Given data:
────────────────

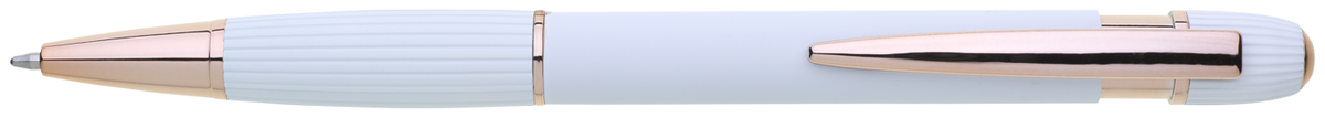 propiska z recyklovaného hliníku se soft povrchem a doplňky v růžovo-zlaté barvě. Laserované logo je lesklé, růžovo-zlaté. Náplň modře píšící. Výsledný efekt laserového značení je lesklý, v barvě doplňků.
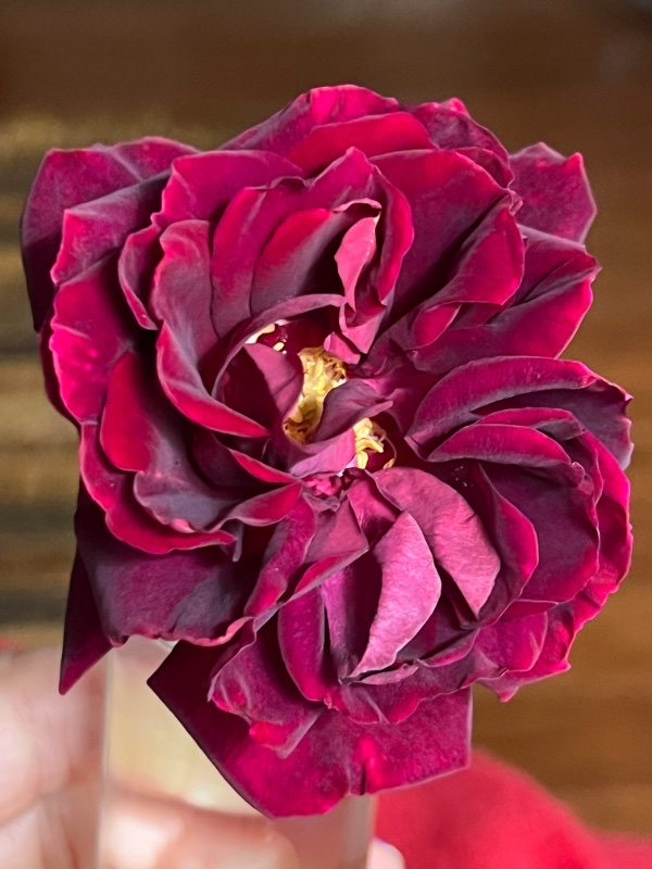 In April, a bud opened into the first flower I had seen on this plant. It was a deep velvet dark red. I was over the moon! A healthy blooming rose from scorched earth.
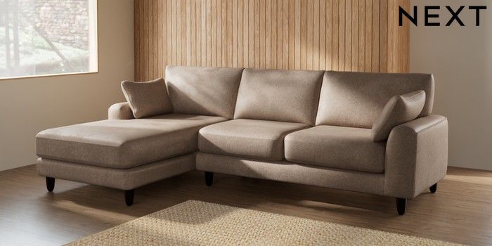 7.2.10 Campbell Medium Sofa Chaise - Left Hand Plush Chenille Mid Natural High Leg - Dark | Made Click here to use our website with more accessibility support, for example screen readers
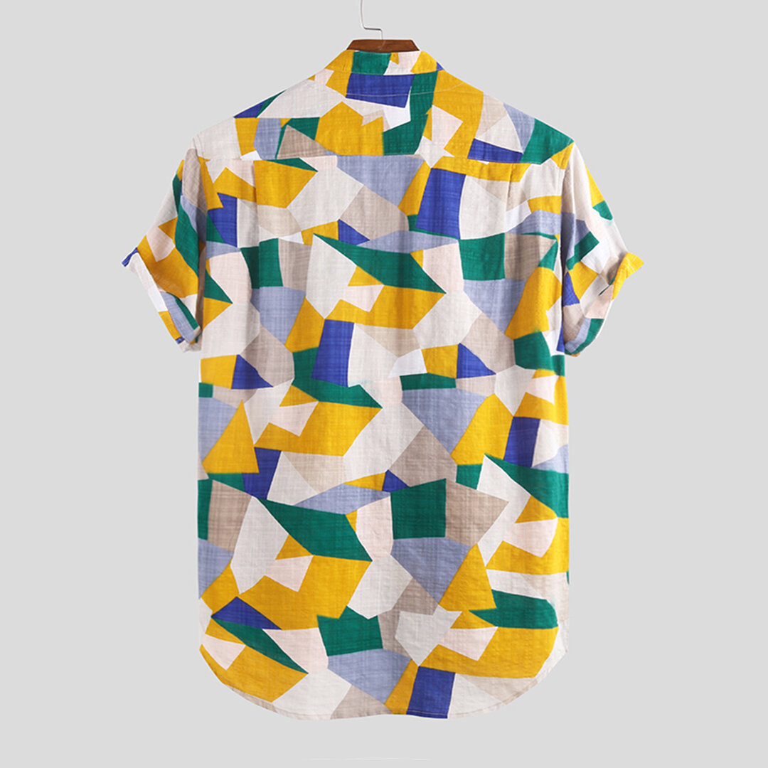 Mens Summer Fashion Casual Loose Color Blocks Printing Shirt – 2XL Blue
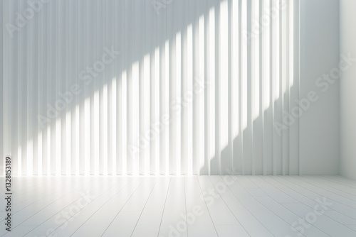 3D white empty room with a floor and walls. A minimalist interior design of a modern home. The sun shines through the window onto the white walls.
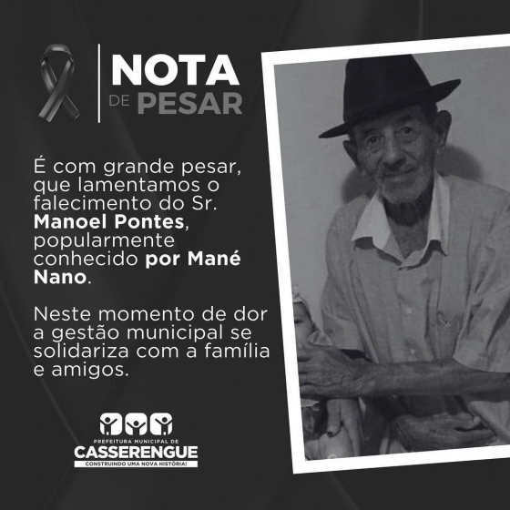 Neste momento de dor a gestão municipal se solidariza com a família e amigos.
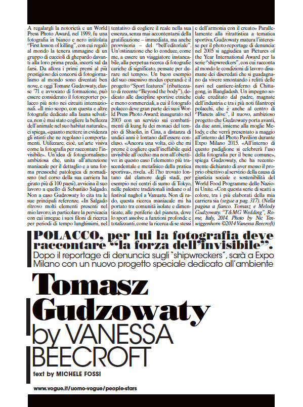 Parallelamente alla ritrattistica a tematica sportiva, Gudzowaty matura l’interesse per il photo-reportage di denuncia: nel 2005 si aggiudica un Pictures of the Year International Award per la serie “shipwreckers”, con cui racconta al mondo le condizioni di lavoro disumane dei diseredati che si guadagnano da vivere smontando i relitti delle navi nel cantiere-inferno di Chittagong, in Bangladesh. Un impegno sociale ereditato dal padre, magnate dell’industria e tra i più noti filantropi polacchi, che è anche al centro di “Planets alive”, il nuovo, ambizioso progetto che Gudzowaty porta avanti, da due anni, insieme alla moglie Melody, e che verrà presentato a maggio all’interno del Photo Pavilion durante Expo Milano 2015. «All’interno di questo padiglione si celebrerà l’uso della fotografia per il bene comune», spiega Gudzowaty, che ha recentemente dichiarato di aver messo il proprio obiettivo al servizio della causa di giustizia sociale e sostenibilità del World Food Programme delle Nazioni Unite. «Con questa serie di scatti a colore, tra i più elaborati della mia carriera sia sotto il profilo estetico che della composizione, io e mia moglie – che in questo progetto è partner al 50% e non solo modella – abbiamo voluto rappresentare le peculiarità dei pianeti del sistema solare. Parlo di caratteristiche morfologiche e mitologiche. In ognuno vedremo una figura femminile (interpretata da Melody) posare al centro di paesaggi primigeni e incontaminati, affiancata non di rado da animali selvatici di cui non sembra temere la ferocia. Fotografie che, attraverso il loro potere evocativo, spero suscitino nello spettatore la consapevolezza che non siamo gli unici abitanti della terra, e che la ricerca di una nuova armonia con la natura è non solo quanto mai urgente e necessaria, ma anche possibile. Il tutto – questo almeno il tentativo – senza mai scadere nel didascalico: l’arte è una maestra straordinaria, ma solo quando educa indirettamente, attraverso allusioni e associazioni, stimolando l’immaginazione. Se sale in cattedra a lanciare sermoni, solitamente fallisce».

────────────────

Required action: Using the data above, retype exactly and only the lines from the one containing "7.2.10 Campbell Medium" up to and including the one containing "Neste momento de", with no pictures carried over.

Reply to the task:
 7.2.10 Campbell Medium Sofa Chaise - Left Hand Plush Chenille Mid Natural High Leg - Dark | Made Click here to use our website with more accessibility support, for example screen readers
 Mens Summer Fashion Casual Loose Color Blocks Printing Shirt – 2XL Blue
 3D white empty room with a floor and walls. A minimalist interior design of a modern home. The sun shines through the window onto the white walls.
 Neste momento de dor a gestão municipal se solidariza com a família e amigos.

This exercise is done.